The latest chew-toy that’s enthralled the simplistic mass-market energy media is OPEC’s mulling a possible “production freeze” as a means of bringing an end to low oil prices. After decades of listening to OPEC jerk the global media this way and that as part of whatever scheme they are up to, one would hope the commentators would become a bit more discerning. But no, they continue to mindlessly trumpet whatever OPEC has to say. Although to be fair, Russia has now entered the ring, apparently on the same side as the Arab dudes, which does add a depth of character not unlike professional wrestling. The analogy sounds crazy until you hear them speak.
The notion of a production freeze was first bandied about by Saudi Arabia a few months ago as that nation’s ruling circle nursed the closest thing to a hangover they’ll ever know. The end of their fifty-year oil-fueled party caused the headache, where intoxication was derived not from alcohol but from every garish uber-luxury known to man. Purveyors of the world’s finest goods incredulously discovered that petro-dollars would pursue, with a vengeance, any object admired by the masses with the exception of bacon. The crazed spending habits however are now slowing as the oil price collapse takes its toll. Saudi Arabia is not quite yet destitute; a nation with $500 billion in reserves is not broke, but when the loot pile was $800 billion a few short years ago the trajectory is not good. Even well-placed princes give pause before checking the “diamond-encrusted engine” option box. (But they still do it.)

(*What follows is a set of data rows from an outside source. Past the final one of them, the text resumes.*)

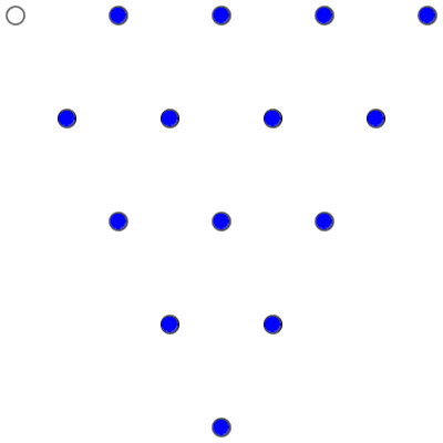 Classic Triangle Peg Board GameIn high school I was briefly fascinated by a triangular "jump all but one" game, commonly found at Cracker Barrel restaurants.  The basic premise is that any peg can "jump" over an adjacent peg to occupy the empty hole next to the jumped peg.  The jumped peg is then removed.  The goal is to continue jumping pegs until there is only one left.
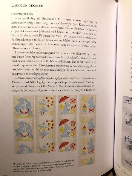 They were exclusively printed for Stockmann luxury department store in Helsinki and NK Stockholm in 1956 to be used for the first commercial Moomin products manufactured by former Vaasan Saippuatehdas (1886-1987) in Vaasa Finland.
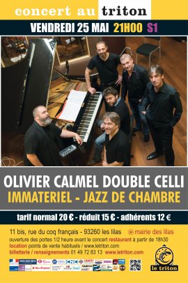 Pour cette création, Olivier Calmel fait le pari d’une formation inédite basée sur les sonorités des instruments à cordes et des percussions et s’entoure de musiciens d’exception, solistes et improvisateurs, équilibristes de l'instant. Le plaisir, le risque et le partage sont les enjeux de cette rencontre. Double Celli nous invite à découvrir un jazz de chambre où chacun sait préserver sa voix tout en la mettant au service de l’ensemble. Se muant parfois en duo, trio voire en quatuor le temps d’une rencontre intime et passagère, les musiciens ne cessent de virevolter et de se répondre dans un balancement subtil pour offrir une musique en état d’apesanteur, belle, intelligente et actuelle.
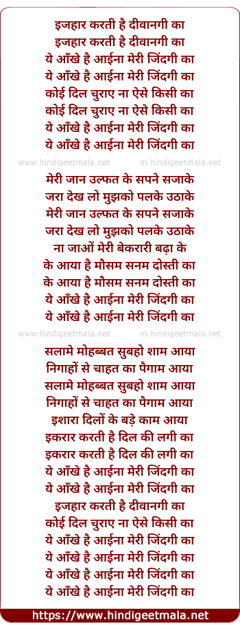 Lyrics of Ye Aankhe Hai Aaina Meri Jindagi Ka - ये आँखे है आईना मेरी जिंदगी का

Regardless, the phrase “production freeze” has entered the global lexicon as Saudi Arabia tried to figure out a way to get the point across that Iran’s re-entrance into world markets was being managed. That is the only context where talk of a freeze makes sense; otherwise the mutterings would have been of a production cut. A production freeze for the rest of OPEC is a meaningless concept; most member states are more worried about peasant uprisings than launching new production schemes (though the designation “peasant” is becoming aspirational in much of OPEC, leading to confusion in uprisings).

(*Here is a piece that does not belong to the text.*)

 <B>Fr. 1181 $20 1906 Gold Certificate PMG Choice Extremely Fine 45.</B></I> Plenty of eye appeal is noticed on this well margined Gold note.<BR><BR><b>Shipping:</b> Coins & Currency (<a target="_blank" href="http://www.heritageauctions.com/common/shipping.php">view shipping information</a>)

No other nation is pondering bringing on significant new production; Saudi Arabia is the only country that claims to have additional spare capacity it can bring on at will. This in itself is a nonsensical claim; the Saudis have been drilling at record levels to drive down prices and quash development of more expensive (and large) resources such as the oil sands or shale oil. If Saudi Arabia did indeed have that much production firepower readily available, they surely would have used it to accomplish their goal – they are obviously trying to flood the market based on how hard they are drilling, but have only succeeded in slightly bloating it, which is why this whole drama has been going on for two years. If the Saudis really did have that capacity available, they would have turned on the taps and crushed the market fully within a year of their master plan.

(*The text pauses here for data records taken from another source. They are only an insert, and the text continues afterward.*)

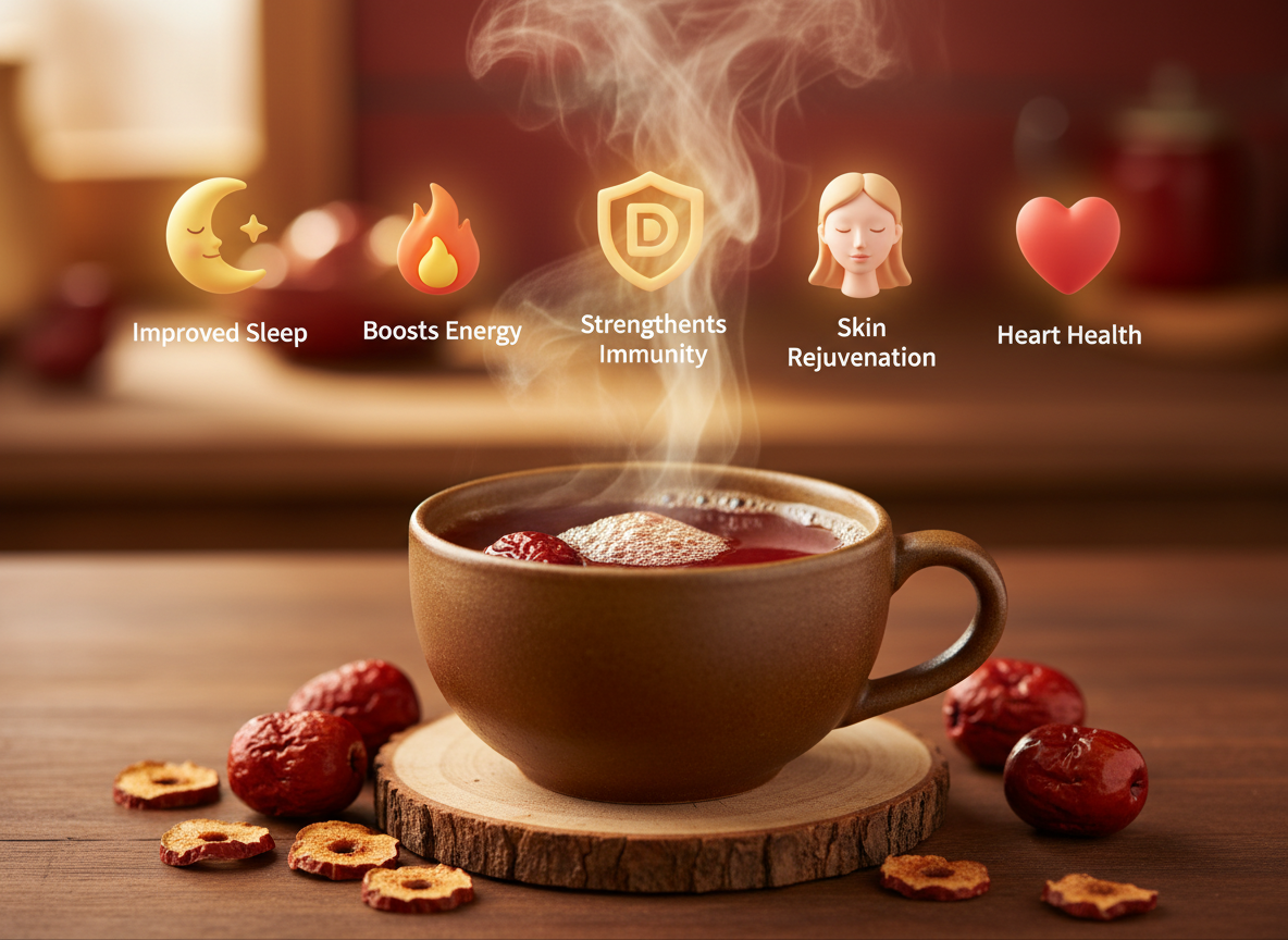잠 못 드는 밤이 길어지거나 손발이 차가워 고생하고 계신가요? 예로부터 '천연 신경 안정제'라 불리는 대추차는 불면증 완화와 체온 상승에 탁월한 효과를 발휘합니다. 오늘 소개할 대추차의 핵심 효능 5가지를 통해, 약에 의존하지 않고도 내 몸을 따뜻하고 편안하게 만드는 지혜를 챙겨가시길 바랍니다.
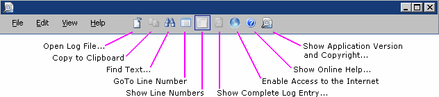 Most Log Viewer features are accessible by the program’s menus and/or the program toolbar, which share a horizontal band across the top of the screen:
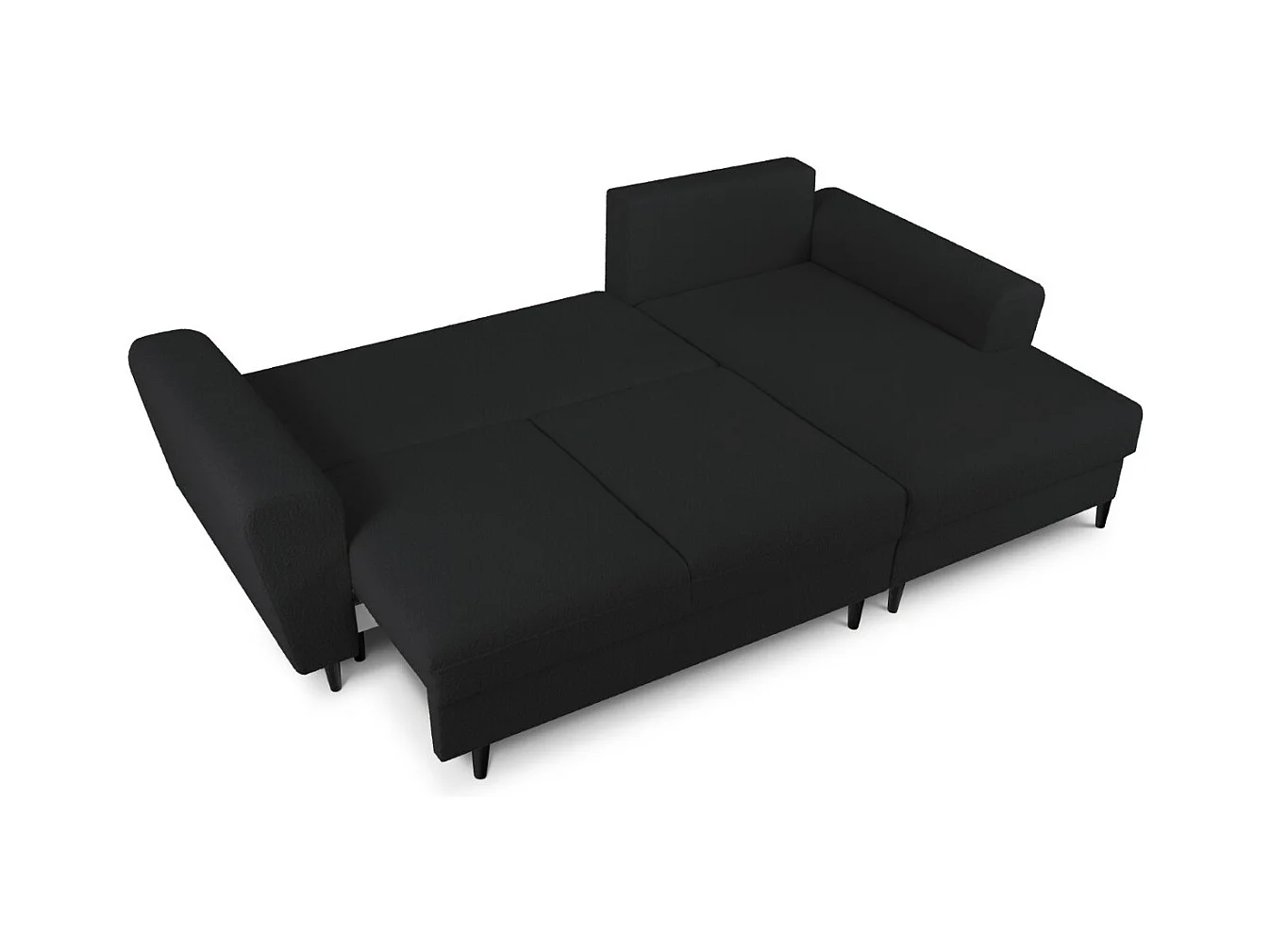 Cosmopolitan Design - Narożnik lewy rozkładany ze schowkiem, "Kyoto" 4 miejsca boucle, czarny - 241x145x88cm

The most majestic absurdity of the situation was Russia entering the discussion, hinting at working with Saudi Arabia to bring about the “freeze”. Russia doesn’t play well with anyone, and as an ally is about as reliable as a crackhead. Russia is currently friendly with Iran (in the same sense that a pimp is friendly with his staff), while Saudi Arabia would happily boil Iran in oil (there is much speculation that Saudi Arabia lowered the price of oil solely to punish Iran, which is possible but runs counter to them standing by while Iran ratchets up output). Since the Russians and Saudis each comprise over 10 percent of world output, either could easily erase the glut in short order by themselves, but why do that when all you need to do is hold press conferences and speculate about a theoretical collaboration?
At any rate, speculating on Middle East politics is the same as reading poetry to fighting dogs, so best to stop pondering motivations and start tempering rational expectations. What’s worth examining is the potential impact these “production freeze” discussions have on anything besides headline space.
And the answer is no impact whatsoever. OPEC could theoretically reduce output in order to prop up prices, or at least threaten to, as it has done in the past with some success (thanks mostly to media coverage of those equally dumb statements; SA rarely cuts production meaningfully to prop up prices despite threatening to dozens of times). A production freeze would have impact if production was growing globally, but nowhere does that seem to be a particular problem.
This isn’t to say that OPEC is powerless; they could in theory dramatically increase prices by shutting in material production levels until the global surplus evaporated. But they don’t, because every other producing nation is going broke hand over fist and the Saudis have enough cash reserves to ride out the storm. (Probably, depending on how much the lavender panda fur interior option is in the forthcoming new Bugatti.)
So a production freeze might get a lot of headlines, but it’s nothing more than a bit of noise to entertain the media and provide volatility fodder for traders.